The annual international tournament was organized by the game developer Moonton, in partnership with several sponsors including the Ministry of Tourism and Creative Economy of the Republic of Indonesia. The tournament was held in Jakarta from 1 to 15 January 2023.

Sweeping the defending champions with a 4–0 score, ECHO Philippines defeated Blacklist International in a best-of-seven series to become the fourth World Champions. It marked the second Mobile Legends: Bang Bang World Championships where two Filipino teams are upper bracket and lower bracket contenders for the said title. It also marked the third consecutive world championship title that a Filipino team has won, beginning in M2.

Karl Gabriel "KarlTzy" Nepomuceno is the first-ever MLBB player who has won two world championships. He would be joined by his former teammates, Kyle "Phewww" Arcangel and David "FlapTzy" Canon to win two world championships after their victories in the MLBB M5 World Championship, as well as his opponent, Edward "Edward" Dapadap, after winning the recent MLBB M7 World Championship

== Background ==
The MLBB M4 World Championships was the fourth edition of the Mobile Legends: Bang Bang World Championship and the first edition of the games to be held in Indonesia.

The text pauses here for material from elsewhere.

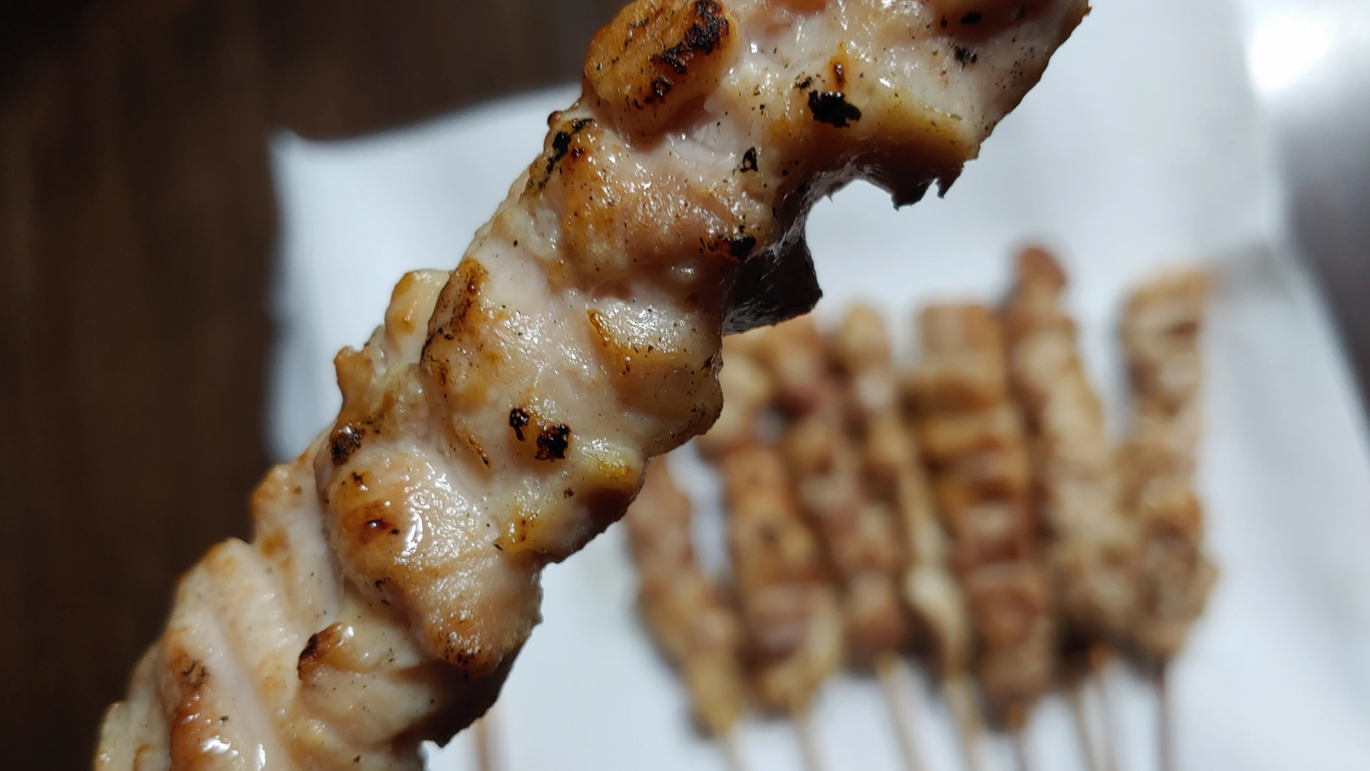 탄 부분은 여기서 태운 게 아니라 이미 그렇게 돼있었어요. 제품이름이 숯불닭꼬치라니 어쩔 수 없죠.

Previously, Malaysia and Singapore held the first three editions of the games, M1 in Kuala Lumpur and M2 and M3 in Singapore. The tournament was held from 1 to 15 January 2023, surpassing one year of the previous editions of the tournament.

M4 featured sixteen (16) qualified teams from Asia, North America, the Middle East and North Africa (MENA), Europe and Latin America. Teams qualified through their region's qualification method, whether it will be an MPL Region or a Moonton-approved qualification tournament.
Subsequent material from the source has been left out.